Rishi Sunak hints UK and EU are on the brink of Brexit trade pact

‘It’s clear what the shape of the deal looks like’: Rishi Sunak hints UK and EU are on the brink of Brexit trade pact after watchdog warns failure would wipe another 2 per cent off GDP

  • Rishi Sunak said this morning ‘it is clear what the shape of the deal looks like’ 
  • The Chancellor said with ‘good will on all sides we can get there’ and agree deal
  • Spending watchdog has warned a no deal split will cost two per cent of GDP
  • Michel Barnier said to have threatened to quit talks if UK does not compromise 

Rishi Sunak today raised hopes of the UK and the EU agreeing a post-Brexit trade accord as he said it is ‘clear what the shape of the deal looks like’. 

The Chancellor said he believed that with a ‘constructive attitude and good will on all sides we can get there’.  

Mr Sunak said he was both hopeful and confident of a deal being hammered out in the coming days but his optimism was in stark contrast to reports in Brussels which claimed Michel Barnier had threatened to pull out of the talks. 

The EU’s chief negotiator is said to have told his UK counterpart Lord Frost that he will walk away from discussions unless Downing Street shows in the next 48 hours it is willing to compromise on key sticking points. 

It came as the Government’s official spending watchdog, the Office for Budget Responsibility (OBR), warned a no trade deal split from the bloc would wipe two per cent off of UK gross domestic product (GDP). 

The Office for Budget Responsibility has forecast a hit to GDP this year of 11.3 per cent – the largest drop since the Great Frost of 1709. It predicted a no deal Brexit would wipe a further two per cent off of GDP 

Top level talks between the UK and the EU were briefly suspended last week after a member of Mr Barnier’s team tested positive for coronavirus. 

Discussions have continued remotely but Mr Barnier is due to leave self-isolation this evening and travel to London tomorrow to resume face-to-face negotiations, lasting over the weekend.

The two sides remain deadlocked on the issues of post-Brexit fishing rights, the so-called ‘level playing field’ on rules and on the future governance of the deal. 
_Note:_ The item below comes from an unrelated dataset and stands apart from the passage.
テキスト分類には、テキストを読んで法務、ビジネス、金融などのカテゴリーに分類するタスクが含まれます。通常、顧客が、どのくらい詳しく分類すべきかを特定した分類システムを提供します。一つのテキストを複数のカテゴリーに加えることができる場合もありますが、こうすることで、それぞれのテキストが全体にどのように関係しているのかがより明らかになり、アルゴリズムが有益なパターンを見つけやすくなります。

Mr Barnier told Lord Frost during a video call on Tuesday that he believes it is pointless for talks to continue unless Number 10 is willing to shift on the remaining points of contention, according to The Guardian.    
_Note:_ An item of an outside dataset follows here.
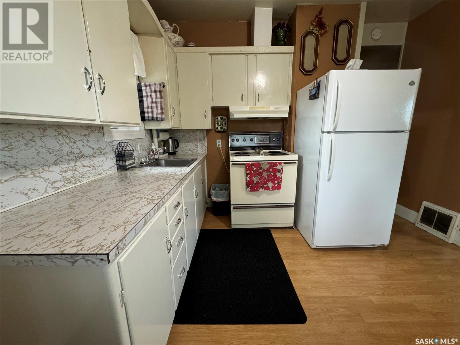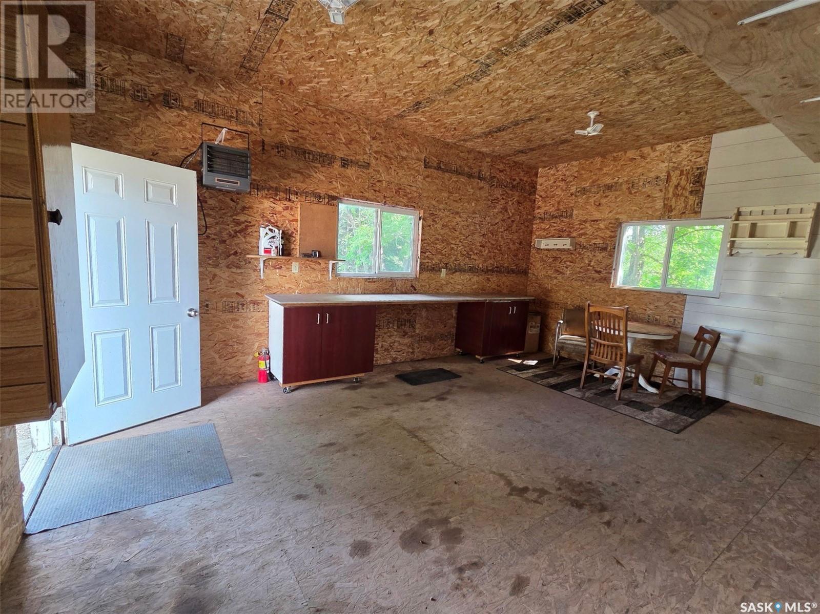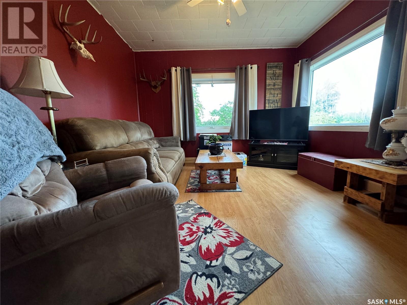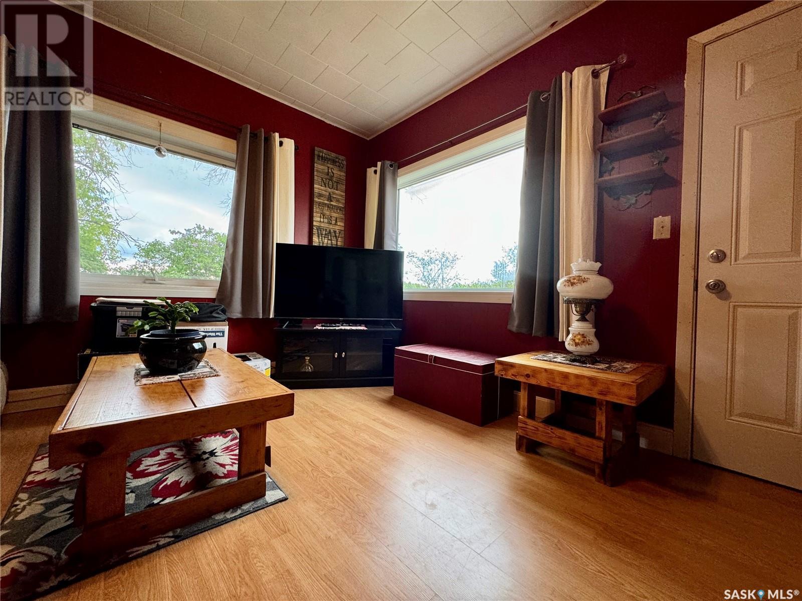 Welcome to Hyas SK! Are you looking for an acreage within a village? The feel of this property gives you the loveliness of having an acreage with town/village amenities! This affordable home has excellent options for the first time home buyer, someone who would like to retire and/or downsize, or an someone that would like an income property. This property could get around $800 per month rent. The extra large double lot comes with a 575 square foot home with natural gas, town water, and town sewer. The main entrance of the property starts off with a porch area that leads into the dining room/kitchen area. Kitchen window faces west and includes fridge and stove. The dining room area window faces south. A few steps over will take you to the living room with east and south facing windows. The main floor is completed with 2 bedrooms and a main bathroom. The basement is used for storage and houses the HE furnace (new heat exchange) and water heater (2020). Panel box is 100amp service. Windows are updated PVC. The yard has been freshly landscaped with brand new grass. The fully insulated garage garage is 20x40 has 200 amp service. Garage/Shop is heated with electric heat and optional wood heat in the 2nd part. A short drive to Sturgis, Norquay, and Crystal Lake for all your basic needs. One hour drive to Yorkton SK (city). This area is surrounded by beautiful scenery and lakes within a half hour drive in each direction. This home is not for rent or rent to own. (id:43042)

The apparent threat to walk away from the negotiating table comes with just five weeks to go until the end of the ‘standstill’ post-Brexit transition period.

But Mr Sunak painted a much brighter picture of the talks this morning as he told Sky News: ‘The negotiations are ongoing and I think the teams are hard at work, they are working intensively and I remain hopeful that with a constructive attitude…’
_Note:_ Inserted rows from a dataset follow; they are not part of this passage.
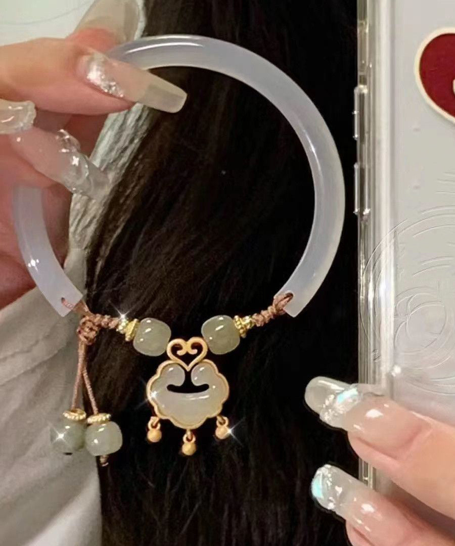 Elevate your style with the luxurious Chic White Sterling Silver Overgild Jade Safe Lock Tassel Bangle QJ025. This exquisite piece features intricate detailing and a classic design that exudes sophistication and exclusivity. Crafted from the finest materials, this bangle is the epitome of elegance and taste. Elevate your look and make a statement of refined beauty with this stunning accessory.
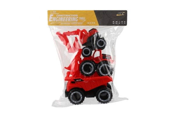 Ta zbirka gradbenih strojev ne sme manjkati v zbirki vsakega dečka. Avtomobili so narejeni iz plastike in se prosto vozijo. Ta zbirka strojev je primerna tudi za velike gradbene projekte v vrtcu ali peskovniku. Komplet vsebuje 3 avtomobile velikosti približno 15–19 cm. Dimenzije paketa 31 × 34 × 10 cm. Primerno za otroke od 3. leta starosti dalje.
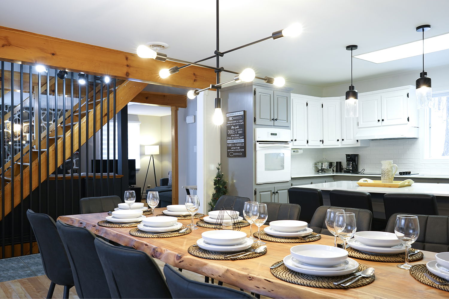 Cuisine complète avec grand îlot, lave-vaisselle, frigo, ensemble d’assiettes et tout ce qu’il faut pour ceux qui aiment cuisiner et une grande table pour 10+ personnes. Aussi BBQ disponible à l'année.
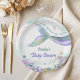 Inspired by shimmering sea glass and soft coastal tides, this mermaid design blends pastel aqua, lilac, and hints of golden sparkle. The flowing tail and delicate seaside florals create an enchanting underwater atmosphere that feels elegant yet playful — perfect for celebrating your sweet little mermaid.
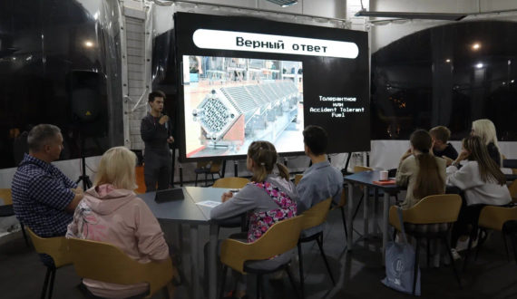 Завершил вечер интеллектуальный «Атом-квиз», который провёл Евгений Кипелкин, лектор Российского общества «Знание» и сотрудник Института прикладной физики РАН. Вопросы квиза охватывали широкий спектр тем, связанных с развитием атомной энергетики в современной России, проектом «Прорыв» и инновационными направлениями работы ГК «Росатом» в области зеленой энергетики. Участники квиза смогли не только проверить свои знания, но и углубиться в актуальные вопросы атомной промышленности, которая сегодня является важным фактором устойчивого развития энергетики.

Asked if he was hopeful or confident of the talks succeeding, he replied: ‘Both. I am an optimistic person. There is a lot of work going on and I think with a constructive attitude and good will on all sides we can get there. 

‘It is clear what the shape of the deal looks like and as I said, it requires a constructive attitude. 

‘I think on our part we have always been very consistent and transparent about what we need, the things that are important to us, why ultimately we voted for Brexit and what needs to be delivered. 

‘I am hopeful that the EU will see that the vast majority of what we are asking for are things they have already agreed with other countries and we have done that deliberately and as I have said, the teams are hard at work and let’s see.’ 

Mr Sunak said ‘in the short term especially it would be preferable to have a deal’ but he insisted the Government had ‘put an enormous amount of effort and resource into preparing the country’ for whatever the outcome of the talks is. 

His comments came after the OBR predicted the UK’s GDP will plummet by 11.3 per cent in 2020 as a result of the coronavirus crisis – the largest fall since 1709.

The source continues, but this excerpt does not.